Frankie thought about this for a moment, looking up at his daughter. Emily was still sound asleep, her breathing labored as she rolled from one side to the other. She lay there dreaming, worrying about things beyond her reality, and loving it. He wondered if she looked different in her dreams. He glanced at Sandy and, sadly, saw greed in her eyes.
“What do you need,” he said, “a new tv? You’re just after the custody money. Well fuck you, I’m saving for the surgeries she needs. She’ll get them without you.”
“Frankie, be reasonable,” Sandy said, scoffing at him.
This last was too much for him, the condescension reaching a peak. She had shown up randomly to take his daughter, she had physically resisted him as he tried to remove her from his apartment, and she had only come for the money. It was the final straw.
He felt his fingers lacing through her hair, felt the tightening as he drug her. She was no longer whispering, Emily’s rest no longer seeming to be a priority. As his daughter stirred the separated couple reached the bathroom and Frankie yanked her in. As she sprawled on the floor he looked and saw black hairs in his hand. “Losin’ a lot already there, aren’t ya?” he wondered.

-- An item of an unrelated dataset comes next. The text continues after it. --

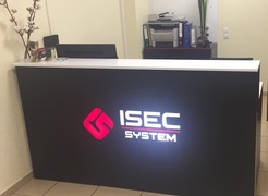 Прямая рецепция для администратора в черном фасаде с подсветкой и белой столешницей.
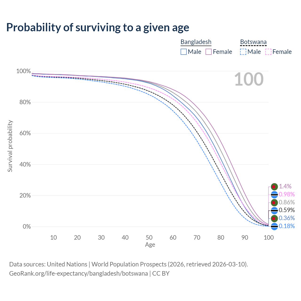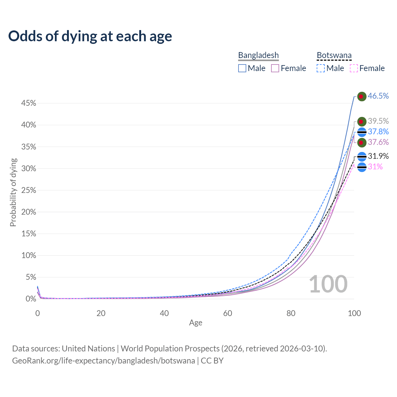 This life expectancy calculator shows the odds of living to 100, 95, 90, and below based on current age for both males and females in Bangladesh and Botswana, along with mean and median age of death. The calculations are based on the 2026 life tables (actuarial tables) from the UN World Population Prospects.

As she tried to rise he struck her across the face. Blood and teeth fragments spurted from her jaws. He hit her again and then, as she began to cry out for the third time, he managed to get his hands around her throat. The wheels turned, the breathing shallowed to a sand-bank, and Sandy began to pass out.
Frankie squeezed harder the redder he got. At last he heard the loud pop of her neck, of the vertebra separating and the nerves severing along the bony edges. He watched her eyes go dead, the life fading from them, and he followed her down as far as he could. Feeling like he owed it to her, Frankie gazed at the irises until the light was all gone from them.
Thump-swipe.
Thump-swipe.
His daughter was out of bed and probably coming to pee. She knocked on the door. “Almost finished, honey,” he called, and returned his attention to Sandy. Finally deciding on the tub he set her in and walked to the door after pulling the curtain. He stopped by the toilet and flushed it, then opened the door. Emily stood outside, a confused look on her face so far as he could tell.
“Daghy?” she asked. “Daghy, whuh was thah noise?”
He pulled her close. “Nothing, sweetheart,” he said. “Daddy loves you, and you don’t ever have to worry around him.” He sighed, content in the hug. “You never have to worry with Daddy.